Site information
- Type: Royal Air Force station
- Owner: Air Ministry
- Operator: Royal Air Force
- Controlled by: RAF Flying Training Command

Location
- RAF Booker Location in Buckinghamshire RAF Booker RAF Booker (the United Kingdom)
- Coordinates: 51°37′01″N 0°48′14″W﻿ / ﻿51.617°N 0.804°W

Site history
- Built: 1940
- In use: 1941-1963
- Fate: Wycombe Air Park
- Battles/wars: European theatre of World War II

Airfield information
Runways
| Direction | Length and surface |
| 00/00 | Grass |

= RAF Booker =

Former RAF base in Buckinghamshire, England

Royal Air Force Booker or more simply RAF Booker was a Royal Air Force station located 3 mi southwest of High Wycombe, Buckinghamshire, England.

Booker was opened as a flying training school in 1941 on the site of a civilian flying school requisitioned and closed on the outbreak of war in 1939.

In 1965 the site was taken over by Airways Aero Associations (now the Airways Flying Club), who have operated the airfield as an increasingly commercial training and recreational field, now called Wycombe Air Park. Booker featured in many of the airfield scenes in the 1965 feature film Those Magnificent Men in their Flying Machines.

==History==
RAF Booker was opened as the home of No. 21 Elementary Flying Training School RAF in 1941. The flying school operated 72 de Havilland Tiger Moths and Miles Magisters. No. 21 EFTS trained 120 pupils on a seven-week course - later to become 11 weeks.

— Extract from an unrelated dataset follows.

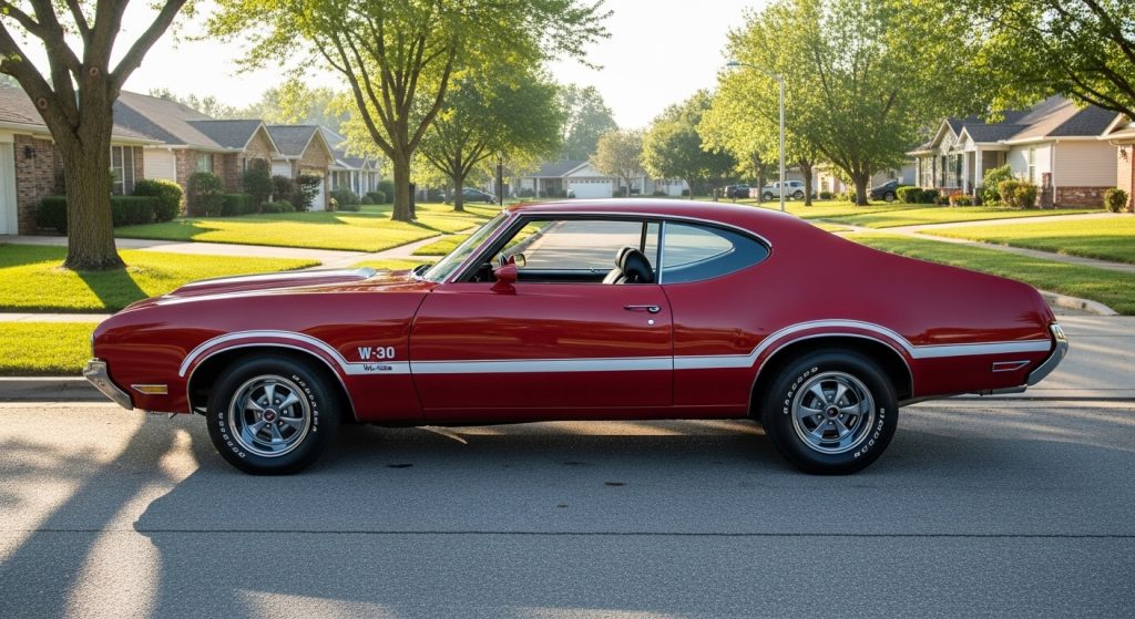 Oldsmobile 455 W-30 exists underrated power in 442s. Softens ownership with gold engine paint memory mild. Repeat W-30 stripes vague. Uncertainty sleeper status lingers. Contradict Olds rep lightly. Trails weaker parts hunt.

In May 1942, training was also started on the airfield for the Glider Pilot Regiment.

In 1950, the University of London Air Squadron (ULAS) resumed flying out of Booker, and it also temporarily hosted the Manchester and Liverpool University Squadrons.

In 1955, a hard runway (made of 90 feet wide pierced steel planking) was added to the four wartime grass runways.

From 1956, part of the facilities, including a hangar, were used for accommodation and annual training of Air Training Corps staff of Warrant Officer rank. This week of training was an intense course in gaining a deeper understanding of duties and of the modern requirements of an ever-improving service.

During the Cold War the Director UKWMO was located at the United Kingdom Regional Air Operations Command (UK RAOC) at RAF Booker tasked with instigating the national four-minute air raid warnings.

The RAF continued to base its Bomber Command Communication Flight RAF at RAF Booker until 1963.

The following units were also here at some point:
- No. 1 Basic Flying Training School RAF (1950-53) using de Havilland Canada DHC-1 Chipmunk T.10s operated by Airwork Ltd
- Temporary dispersal for No. 5 Maintenance Unit RAF
- No. 126 Gliding School RAF between August 1943 and 1 September 1955
- Air Crew Allocation Unit between 28 February 1955 and 1 July 1958
- Home Command Modified Officer Cadet Training Unit from 1 June 1956
- Joint Services Staff College Flight between 15 January 1947 and 31 October 1952

==Current use==

In 1965, the airfield became privately run, and is now Wycombe Air Park.